TCEP, being developed by Summit Power Group, plans to employ two Siemens SFG-500 gasifiers and a Siemens SGT6-PAC 5000F gas turbine. Fluor will provide the engineering and construction, and Linde Group subsidiary Selas Fluid Processing will supply the syngas, CCS, and chemical processing equipment. TCEP will be sized to produce at least 400 MW gross, though normal baseload operation will be 377 MW. Of that, about half will be used on site: 105.7 MW to run plant equipment, 15.7 MW for CCS, and 42.2 MW for producing fertilizer. The remaining 214 MW will be sold to the grid.
The TCEP plant will use low-sulfur Powder River Basin coal. It will capture around 90% of its CO2 emissions and produce almost 3 million tons of CO2 for EOR. The Permian Basin area where TCEP will operate has been employing EOR for more than 40 years and has a robust pipeline infrastructure for transporting CO2, but demand for it currently exceeds supply by about 300%. According to project documents, the largest chunk of the project’s revenue will actually come from fertilizer sales—about 700,000 tons per year—rather than power sales.
HECA will be located in one of California’s oldest oil basins, the Elk Hills play (Figure 2) in the Central Valley. Most of the oil from that field has been extracted, however, and increasingly energy-intensive methods are necessary to get out what’s left—thus the potential for CO2 EOR. Unlike TCEP, HECA will use a mixture of coal and petcoke from Southern California refineries. HECA will also be built by Fluor, using Mitsubishi Heavy Industry gasifier technology and gas turbines.
|2. Multitalented. The Hydrogen Energy California project will supply about 280 MW to the California grid as well as fertilizer for Central Valley farms and CO2 for enhanced oil recovery in the Elk Hills oil field. Courtesy: Hydrogen Energy California
HECA is being developed by Massachusetts-based SCS Energy, which acquired it from original developers BP and Rio Tinto. HECA will be able to generate around 280 MW of electricity for the grid, with the balance being used on-site. The facility is projected to capture about 3 million tons of CO2 and produce about 1 million tons of fertilizer each year.
Despite the attractive synergy of these projects, both are relying heavily on public support. TCEP has received $450 million from the Department of Energy’s Clean Coal Power Initiative, while HECA has received $408 million. TCEP will also receive substantial tax exemptions for its CCS and EOR sales from the State of Texas. In both cases, the DOE grants are only a fraction of the approximately $2.5 billion to $3 billion the plants will cost.
HECA is about two-thirds of the way through the permitting process and is still negotiating purchase agreements for its electricity, fertilizer, and other products. Jim Croyle, CEO of SCS Energy, told POWER he expects construction to begin some time in the fourth quarter of 2014.

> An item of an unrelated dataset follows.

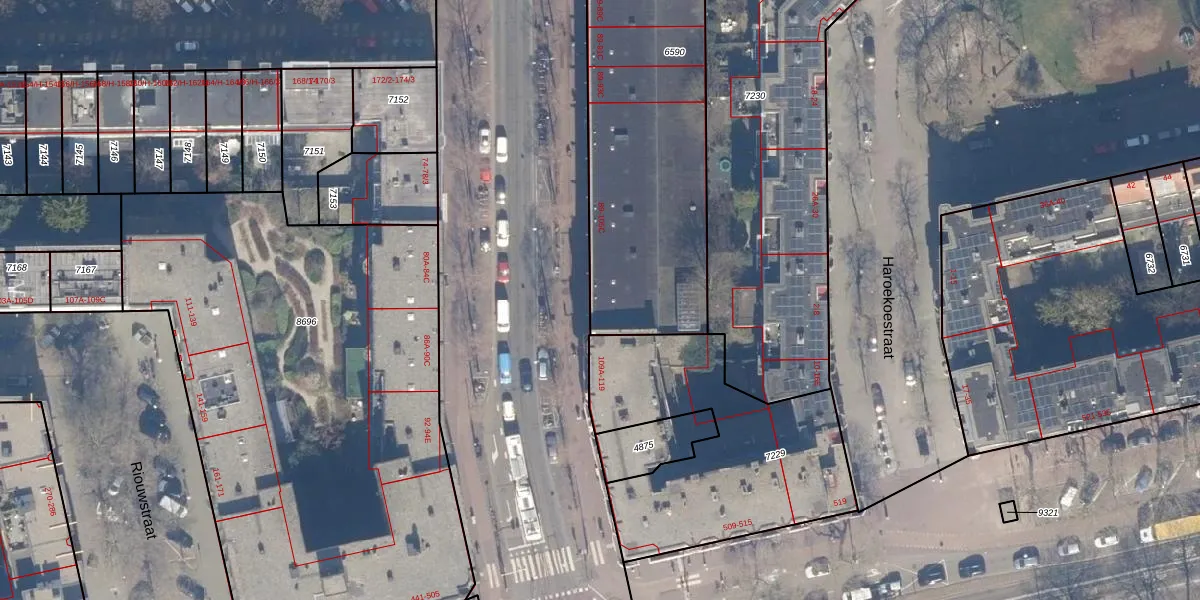 Het perceel waarop het adres ligt is ASD19-W-6590. De afkorting 'ASD19' staat voor kadastrale gemeente Amsterdam. De gemiddelde perceelgrootte in Amsterdam is 1563,05 m². Dit perceel is kleiner: de perceeloppervlakte bedraagt 1400 m². Het grootste perceel in de kadastrale gemeente is 17,9 ha. Het kleinste perceel heeft een oppervlakte van 0 m². Op het perceel zijn 36 adressen aanwezig. De laatste wijziging in het de Basisregistratie Kadaster (BRK) was op 05-02-2007.

Laura Miller, Summit Power’s director of projects, told POWER that TCEP had hoped to close financing in December, but its engineering, procurement, and construction contractors (Siemens, Linde, and Sinopec Engineering Group) are having difficulty staffing the project because of the oil and gas boom in Texas, which has made skilled labor extremely expensive and hard to find. Its plan is to break ground as soon as possible in 2014.
TCEP suffered a setback on Jan. 6, when CPS Energy, which supplies power to the San Antonio area, allowed its power purchase agreement (PPA) with Summit to expire. It blamed repeated delays in getting TCEP built and the changing power market as a result of falling natural gas prices. Still, CPS said it would “consider the possibility of an updated PPA with the Texas Clean Energy Project in the future” and that it “remain[s] hopeful this project can proceed.”
Only one other polygeneration project is under development, but it’s one with some structural advantages not enjoyed by TCEP or HECA. India-based Reliance Industries is planning to add what may be the world’s largest gasification complex to what is already the largest oil refinery in the world, Jamnagar in Gujarat. Reliance has thus far run Jamnagar’s 1.5-GW cogeneration power plant on imported liquefied natural gas, but transitioning to syngas from the refinery’s excess petcoke (as well as coal) will allow it to reduce its fuel costs. With the refinery already in place, the polygeneration plant will have a captive customer for it output. The project, to be built by Fluor using CB&I’s E-Gas technology and Linde air separation units, is planned in two phases of eight gasifiers each with initial start-up in mid-2015.
The Way Forward
The companies working on polygeneration are frank about the need for better policy support if the sector is to take off. Speaking to a 2012 meeting of the Interstate Oil and Gas Compact Commission, Summit Power Vice President Jeff Brown openly conceded that the market does not currently support the extra costs of carbon capture, even with additional revenues from selling CO2, fertilizer, and other products. But the current system for carbon sequestration tax credits under Section 45Q actually makes the situation worse.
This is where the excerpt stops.